We can also use enhgrid to see how robust are Enhlink results by excecuting multiple runs of the same analysis with the -repetition option. Let’s apply this to the barcodes from cluster 1

enhgrid -mat ./filtered_feature_atac_matrix/matrix.mtx.gz \
    -xgi ./filtered_feature_atac_matrix/barcodes.tsv.gz \
    -ygi ./filtered_feature_atac_matrix/features.bed \
    -gtf Homo_sapiens.GRCh38.99.TSS.2K.bed \
    -clusters analysis/clustering/gex/kmeans_3_clusters/clusters.tsv \
    -out ./output_tutorial_5_8/ \
    -threads 3 \
    -xgi_subset cluster1_subset.tsv \
    -repetition 6 \
    -processes 3 \
    -targets 500_rand_genes.txt \
    -format cellRanger \
    -splitTargetList \
    -rmPeaksInTargets

# The output folder contains the following files:

./output_tutorial_5_8
├── rep0.1.bedpe
├── rep1.1.bedpe
├── rep2.1.bedpe
├── rep3.1.bedpe
├── rep4.1.bedpe
├── rep5.1.bedpe
└── timestamp.log

Now, let see how much links from the first repetitions are retrieved in the other 5 repetitions:

reference="./output_tutorial_5_8/rep0.1.bedpe"

for bedpe in `ls ./output_tutorial_5_8/*.bedpe`
do
	nbLinks=`enhtools -intersect3 -in ${bedpe} -in2 ${reference} -stdout|wc -l`
    echo "#### file: ${bedpe} #### number of links shared with rep0.1.bedpe: ${nbLinks}"
done

### Output

#### file: ./output_tutorial_5_8/rep0.1.bedpe #### number of links shared with rep0.1.bedpe: 522
#### file: ./output_tutorial_5_8/rep1.1.bedpe #### number of links shared with rep0.1.bedpe: 458
#### file: ./output_tutorial_5_8/rep2.1.bedpe #### number of links shared with rep0.1.bedpe: 436
#### file: ./output_tutorial_5_8/rep3.1.bedpe #### number of links shared with rep0.1.bedpe: 452
#### file: ./output_tutorial_5_8/rep4.1.bedpe #### number of links shared with rep0.1.bedpe: 452
#### file: ./output_tutorial_5_8/rep5.1.bedpe #### number of links shared with rep0.1.bedpe: 458

Also not formal metrics, these numbers can be derived into similarity scores, such as the Rand score.

Filter links based on TAD domains

Topologically associated domains (TAD) define genomic regions whose DNA sequences preferentially contact each other.
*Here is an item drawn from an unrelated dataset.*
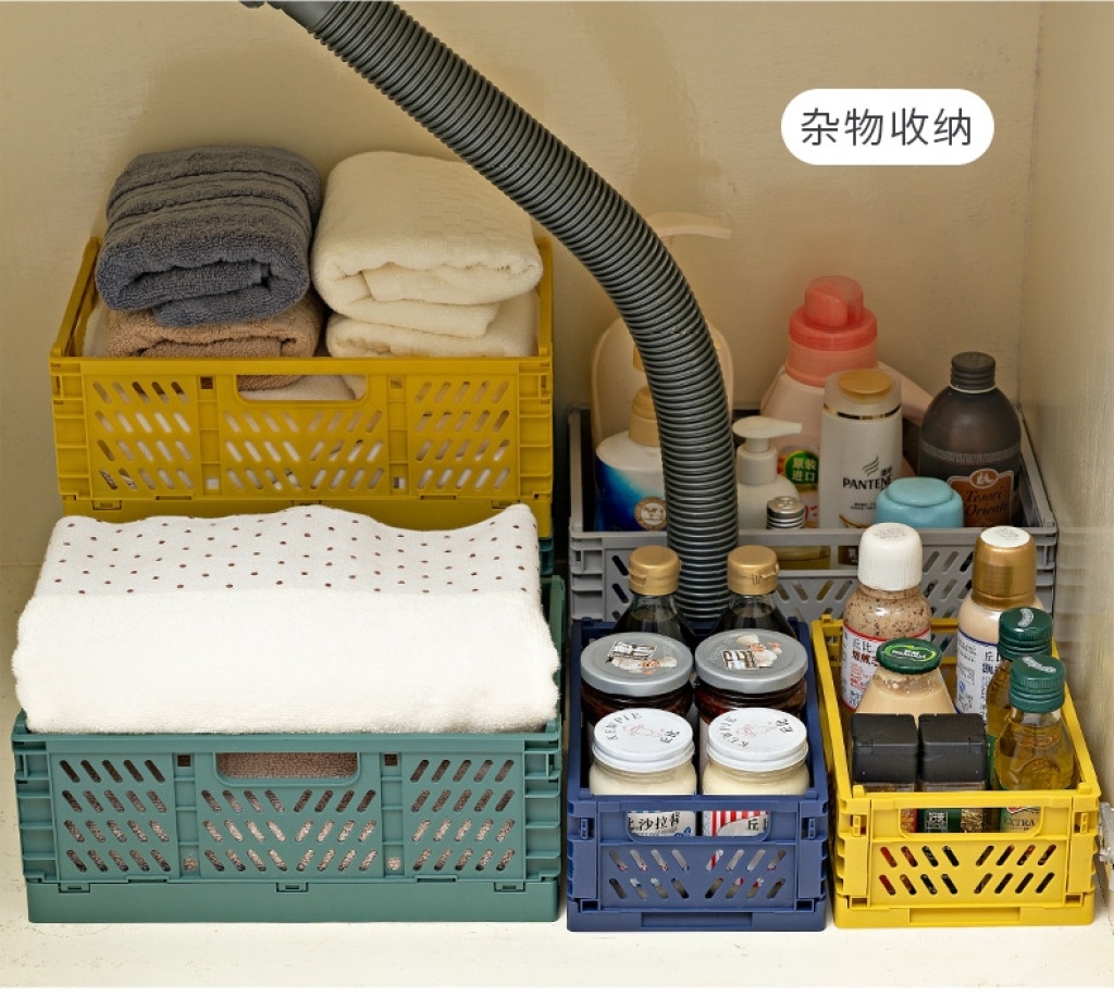 Y24-6118化妆品零食水果塑料可折叠收纳筐桌面迷你收纳篮杂物筐

Thus, such regions can be provided to refine Enlink’s results and exclude links which don’t fall within the boundary of one of these regions.
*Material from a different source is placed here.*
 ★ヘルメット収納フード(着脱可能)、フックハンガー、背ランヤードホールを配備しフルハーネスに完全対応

Using enhtools, it is easy to filter a bedpe file with the -filter option by providing a reference BED file containing genomic regions:

enhtools -filter -in ./output_tutorial_5_1/1.bedpe -bed TAD.bed -out ./output_tutorial_5_1/1.filtered.bedpe

Class imbalance with covariates

To address class imbalance in covariate analysis (when the option -covariates is used), consider using the -uniformSample option in Enhlink. This option ensures a more uniform distribution of the covariates at each bootstrap by iteratively adding cells according to their distribution.

For instance, if one cluster represents 80% of cells and the other two clusters only represent 10%, the -uniformSample option will be beneficial to avoid a fraction of bootstrap samples having too few samples of the underrepresented clusters.

However, it is important to exercise caution when using this option, especially if one class is severely underrepresented. If a class represents less than nbCellsTotal/nbCovariate, the number of cells (N) sampled will be larger than the class size (S), resulting in a larger number of unique cells (Nu) being sampled than with a bootstrap procedure (66% on average). For instance, if N is twice the size of S, Nu will reach 90%, and 95% for three times the size of S, which could decrease the variability of the unique cells sampled.